类欧几里得

何为类欧几里得

实际上只是因为它的时间复杂度与欧几里得算法相似而已

推导

给出 \(a,b,c,n\) 需要分别求出以下三个函数的值：

• \(f(a,b,c,n)=\sum\limits_{i=0}^{n}\lfloor\frac{ai+b}{c}\rfloor\)
• \(g(a,b,c,n)=\sum\limits_{i=0}^{n}i\lfloor\frac{ai+b}{c}\rfloor\)
• \(h(a,b,c,n)=\sum\limits_{i=0}^{n}\lfloor\frac{ai+b}{c}\rfloor^2\)

推导前的预设函数

• \(s0(n)=\sum\limits_{i=0}^{n}1=n+1\)
• \(s1(n)=\sum\limits_{i=0}^{n}i=\frac{n(n+1)}{2}\)
• \(s2(n)=\sum\limits_{i=0}^{n}i^2=\frac{n(n+1)(2n+1)}{6}\)

\(f\) 的推导

Case 1：当 a==0 时

\[\begin{alignat*}{10000} f(a,b,c,n)&=\sum\limits_{i=0}^{n}\lfloor\frac{ai+b}{c}\rfloor\\ &=\sum\limits_{i=0}^{n}\lfloor\frac{b}{c}\rfloor\\ &=s0(n)\lfloor\frac{b}{c}\rfloor \end{alignat*} \]

Case 2：当 a>c||b>c 时

\[\begin{alignat*}{10000} f(a,b,c,n)&=\sum\limits_{i=0}^{n}\lfloor\frac{ai+b}{c}\rfloor\\ &=\sum\limits_{i=0}^{n}(\lfloor\frac{(a\bmod c)i+b\bmod c}{c}\rfloor+i\lfloor\frac{a}{c}\rfloor+\lfloor\frac{b}{c}\rfloor)\\ &=f(a\bmod c,b\bmod c,c,n)+s1(n)\lfloor\frac{a}{c}\rfloor+s0(n)\lfloor\frac{b}{c}\rfloor \end{alignat*} \]

Case 3：当 a<=c&&b<=c 时

\[\begin{alignat*}{10000} f(a,b,c,n)&=\sum\limits_{i=0}^{n}\lfloor\frac{ai+b}{c}\rfloor\\ &=\sum\limits_{i=0}^{n}\sum\limits_{j=0}^{\lfloor\frac{ai+b}{c}\rfloor-1}1\\ &=\sum\limits_{j=0}^{\lfloor\frac{an+b}{c}\rfloor-1}\sum\limits_{i=0}^{n}[j<\lfloor\frac{ai+b}{c}\rfloor] \end{alignat*} \]

对于这个关系式可以做如下推导：

\[j<\lfloor\frac{ai+b}{c}\rfloor \]

\[j+1\leq \frac{ai+b}{c} \]

\[jc+c\leq ai+b \]

\[ai\geq jc+c-b>jc+c-b-1 \]

\[i>\lfloor\frac{jc+c-b-1}{a}\rfloor \]

回归原式，令 \(m=\lfloor\frac{an-b}{c}\rfloor\)。

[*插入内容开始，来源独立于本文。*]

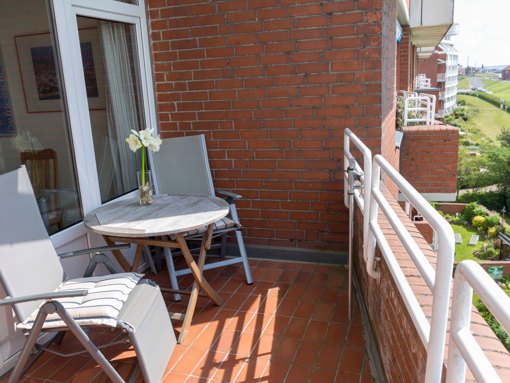 Der gemütliche, überdachte Balkon ist mit Tisch und Stühlen ausgestattet. Genießen Sie das Naturschauspiel Wattenmeer hautnah!

\[\begin{alignat*}{10000} f(a,b,c,n)&=\sum\limits_{j=0}^{m-1}\sum\limits_{i=0}^{n}[j<\lfloor\frac{ai+b}{c}\rfloor]\\ &=\sum\limits_{j=0}^{m-1}\sum\limits_{i=0}^{n}[i>\lfloor\frac{jc+c-b-1}{a}\rfloor]\\ &=\sum\limits_{j=0}^{m-1}(n-\lfloor\frac{jc+c-b-1}{a}\rfloor)\\ &=nm-f(c,c-b-1,a,m-1)\\ \end{alignat*} \]

总结

\[f(a,b,c,n)= \left\{ \begin{array}{**lr**} s0(n)\lfloor\frac{b}{c}\rfloor & a=0\\ f(a\bmod c,b\bmod c,c,n)+s1(n)\lfloor\frac{a}{c}\rfloor+s0(n)\lfloor\frac{b}{c}\rfloor & a>c \vee b>c\\ nm-f(c,c-b-1,a,m-1) & otherwise\\ \end{array} \right. \]

\(g\) 的推导

Case 1：当 a==0 时

\[\begin{alignat*}{10000} g(a,b,c,n)&=\sum\limits_{i=0}^{n}i\lfloor\frac{ai+b}{c}\rfloor\\ &=\sum\limits_{i=0}^{n}i\lfloor\frac{b}{c}\rfloor\\ &=s1(n)\lfloor\frac{b}{c}\rfloor \end{alignat*} \]

Case 2：当 a>c||b>c 时

\[\begin{alignat*}{10000} g(a,b,c,n)&=\sum\limits_{i=0}^{n}i\lfloor\frac{ai+b}{c}\rfloor\\ &=\sum\limits_{i=0}^{n}(i\lfloor\frac{(a\bmod c)i+b\bmod c}{c}\rfloor+i^2\lfloor\frac{a}{c}\rfloor+i\lfloor\frac{b}{c}\rfloor)\\ &=g(a\bmod c,b\bmod c,c,n)+s2(n)\lfloor\frac{a}{c}\rfloor+s1(n)\lfloor\frac{b}{c}\rfloor \end{alignat*} \]

Case 3：当 a<=c&&b<=c 时

\[\begin{alignat*}{10000} g(a,b,c,n)&=\sum\limits_{i=0}^{n}i\lfloor\frac{ai+b}{c}\rfloor\\ &=\sum\limits_{i=0}^{n}\sum\limits_{j=0}^{\lfloor\frac{ai+b}{c}\rfloor-1}i\\ &=\sum\limits_{j=0}^{\lfloor\frac{an+b}{c}\rfloor-1}\sum\limits_{i=0}^{n}i[j<\lfloor\frac{ai+b}{c}\rfloor] \end{alignat*} \]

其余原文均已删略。